| WHAT THE TASK ASKS |
Copy the entries exactly. Their pictures do not belong in the copy.

+ + + + + + +

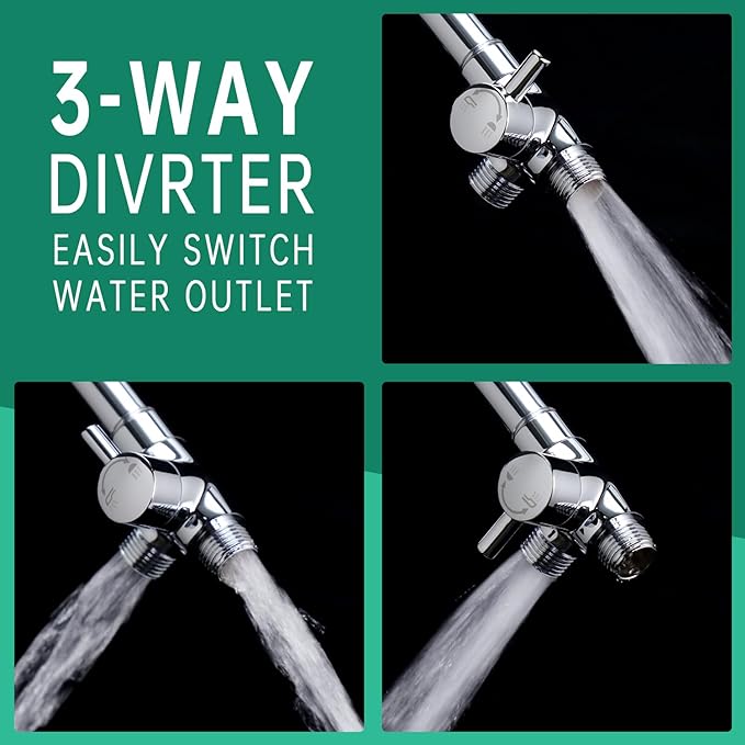 - 3. Durable Metal Diverter: Equipped with a corrosion-resistant, all-metal diverter. It ensures smooth switching between the showerhead and other water outlets in your bathroom, providing hassle-free operation and long-lasting durability
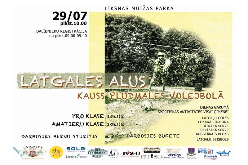 29.jūlijā Līksnas Muižas parkā sadarbībā ar Daugavpils novada Līksnas pagasta pārvaldi notiks Latgales alus kauss pludmales volejbolā gan Pro klasē, gan amatieru klasē. Dalībnieku reģistrācija sāksies jau no 9.00- 9.40. Dalības maksa Pro klasei 15 EUR, amatieru klasei- 10 EUR. Plkst. 10.00 pasākuma atklāšana. Plkst. 11.00 sākas sportiskās aktivitātes visai ģimenei, kā arī Latgaļu golfs, sacensības lokanākajā līdaciņā, ātrākajā servē, precīzākajā servē, augstākajā blokā, Latgaļu beisbolā u.c. Darbosies bērnu stūrītis un bufete. Vakarā, plkst. 22.00, Latgaļu Bīč Pārtijs divos deju plačos kopā ar DJ Gati un WII. Īpašie viesi grupa "Metrs"un īsta latgaliešu grupa "Gandrīz 10-nīkā". Atrakcijas un konkursus mēģinās novadīt MK un EV. Tas būs gandrīz bezmaksas pasāciens. Visi tiek gaidīti gan sportot, gan dejot, gan jauki atpūsties.
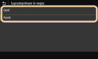 Selectaţi dacă imprimarea este efectuată conform setărilor driverului de imprimantă pentru formatul şi tipul de hârtie, care au prioritate în faţa setărilor configurate tava multifuncțională din meniul <Setări hârtie> de pe ecranul principal. Selectând <Pornit>, puteţi imprima de la sursa de hârtie specificată în driverul de imprimantă, indiferent de setările pentru hârtie de pe aparat.
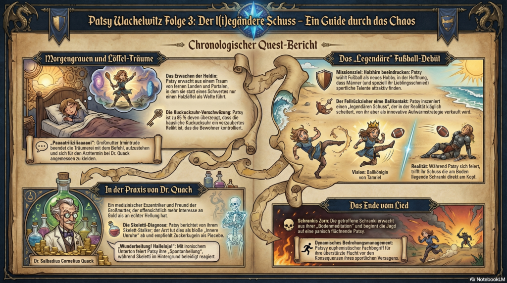 Mit scharfem Humor, absurden Dialogen und viel Liebe zum Detail nimmt diese Folge den Alltag aufs Korn – vom Arztzimmer bis zum Fußballplatz. Und ja, auch eine sehr spezielle Trainingsszene ist dabei, inklusive Kommentator, Übertreibung und dem Gefühl, dass hier gerade Sportgeschichte geschrieben wird. Oder zumindest Fernsehgeschichte.
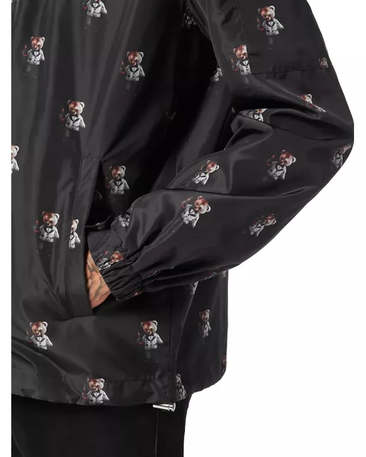 black all-over Teddy Bear print zip fastening adjustable hood side pockets elasticated cuffs
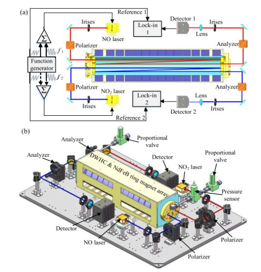 Recently, the joint research team from Anhui Institute of Optics and Fine Mechanics, HFIPS, Chinese Academy of Sciences, Advanced Laser Technology Laboratory of Anhui Province, University of Science and Technology of China, Laboratoire de Physicochimie de l′ Atmosph`ere, Universit′e du Littoral C?ote d′ Opale, published an academic papers Dual mid-infrared wavelength Faraday rotation spectroscopy NOx sensor based on NdFeB ring magnet array.

+ + + + + + +

| FINISHED EXERCISE |
 - 3. Durable Metal Diverter: Equipped with a corrosion-resistant, all-metal diverter. It ensures smooth switching between the showerhead and other water outlets in your bathroom, providing hassle-free operation and long-lasting durability
 29.jūlijā Līksnas Muižas parkā sadarbībā ar Daugavpils novada Līksnas pagasta pārvaldi notiks Latgales alus kauss pludmales volejbolā gan Pro klasē, gan amatieru klasē. Dalībnieku reģistrācija sāksies jau no 9.00- 9.40. Dalības maksa Pro klasei 15 EUR, amatieru klasei- 10 EUR. Plkst. 10.00 pasākuma atklāšana. Plkst. 11.00 sākas sportiskās aktivitātes visai ģimenei, kā arī Latgaļu golfs, sacensības lokanākajā līdaciņā, ātrākajā servē, precīzākajā servē, augstākajā blokā, Latgaļu beisbolā u.c. Darbosies bērnu stūrītis un bufete. Vakarā, plkst. 22.00, Latgaļu Bīč Pārtijs divos deju plačos kopā ar DJ Gati un WII. Īpašie viesi grupa "Metrs"un īsta latgaliešu grupa "Gandrīz 10-nīkā". Atrakcijas un konkursus mēģinās novadīt MK un EV. Tas būs gandrīz bezmaksas pasāciens. Visi tiek gaidīti gan sportot, gan dejot, gan jauki atpūsties.
 Selectaţi dacă imprimarea este efectuată conform setărilor driverului de imprimantă pentru formatul şi tipul de hârtie, care au prioritate în faţa setărilor configurate tava multifuncțională din meniul <Setări hârtie> de pe ecranul principal. Selectând <Pornit>, puteţi imprima de la sursa de hârtie specificată în driverul de imprimantă, indiferent de setările pentru hârtie de pe aparat.
 Mit scharfem Humor, absurden Dialogen und viel Liebe zum Detail nimmt diese Folge den Alltag aufs Korn – vom Arztzimmer bis zum Fußballplatz. Und ja, auch eine sehr spezielle Trainingsszene ist dabei, inklusive Kommentator, Übertreibung und dem Gefühl, dass hier gerade Sportgeschichte geschrieben wird. Oder zumindest Fernsehgeschichte.
 black all-over Teddy Bear print zip fastening adjustable hood side pockets elasticated cuffs
 Recently, the joint research team from Anhui Institute of Optics and Fine Mechanics, HFIPS, Chinese Academy of Sciences, Advanced Laser Technology Laboratory of Anhui Province, University of Science and Technology of China, Laboratoire de Physicochimie de l′ Atmosph`ere, Universit′e du Littoral C?ote d′ Opale, published an academic papers Dual mid-infrared wavelength Faraday rotation spectroscopy NOx sensor based on NdFeB ring magnet array.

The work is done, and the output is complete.